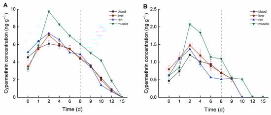 Concentration changes in C. auratus tissues under different concentrations of cypermethrin: (A): 0.40 ng·g−1; (B): 0.04 ng·g−1. The dotted line is the time when fish were move to water without pesticides.
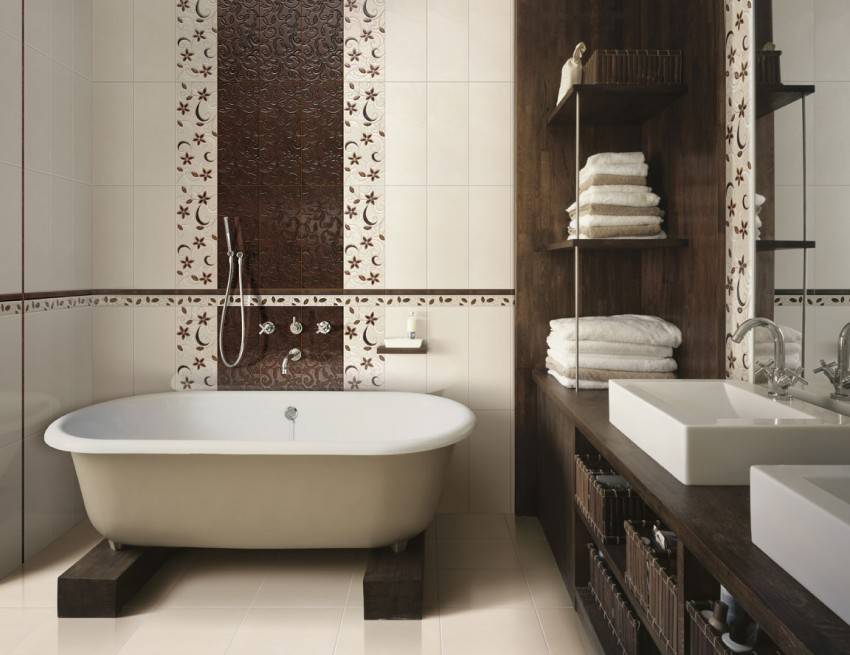 Лидер среди коричневых – оттенок «кофе с молоком». Он может погрузить человека в свои мысли, когда тот принимает расслабляющую ванну, а сам цвет сочетается со многими другими цветами. Древесные же оттенки – более привычны для человеческого глаза, и есть такие плитки для стен в ванной, которые имитируют деревянную поверхность.
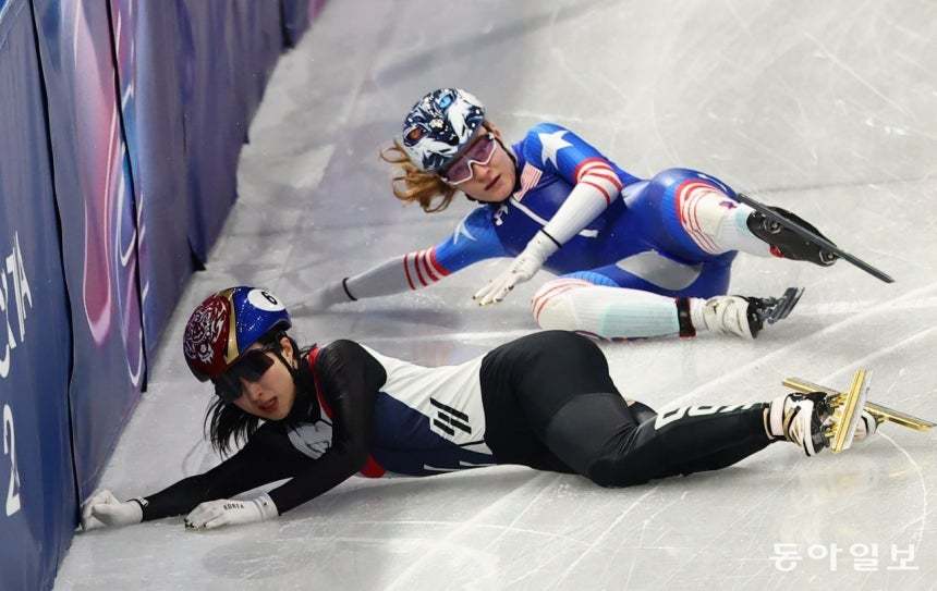 김길리가 10일(현지 시각) 이탈리아 밀라노 아이스스케이팅 아레나에서 열린 올림픽 쇼트트랙 혼성 계주 준결선에서 미국 선수에 걸려 넘어지고 있다. 밀라노=전영한 기자 scoopjyh@donga.com
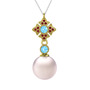 Pembe inci, akuamarin ve garnet 925 ayar altın kaplama gümüş kolye (40 cm beyaz altın rolo zincir)
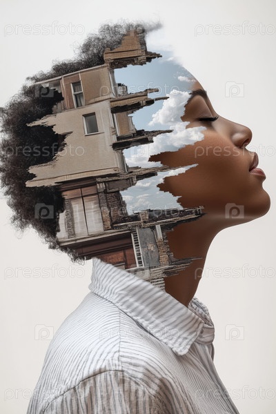 Молодая взрослая чернокожая женщина, мечтающая об городской архитектуре Эффект двойного воздействия

##########

■ **Instructions for the task**
Your answer must be the lines from the one holding "김길리가 10일(현지 시각)" through the final line of the records above, exactly as written and without any pictures.

■ **Answer below**
 김길리가 10일(현지 시각) 이탈리아 밀라노 아이스스케이팅 아레나에서 열린 올림픽 쇼트트랙 혼성 계주 준결선에서 미국 선수에 걸려 넘어지고 있다. 밀라노=전영한 기자 scoopjyh@donga.com
 Pembe inci, akuamarin ve garnet 925 ayar altın kaplama gümüş kolye (40 cm beyaz altın rolo zincir)
 Молодая взрослая чернокожая женщина, мечтающая об городской архитектуре Эффект двойного воздействия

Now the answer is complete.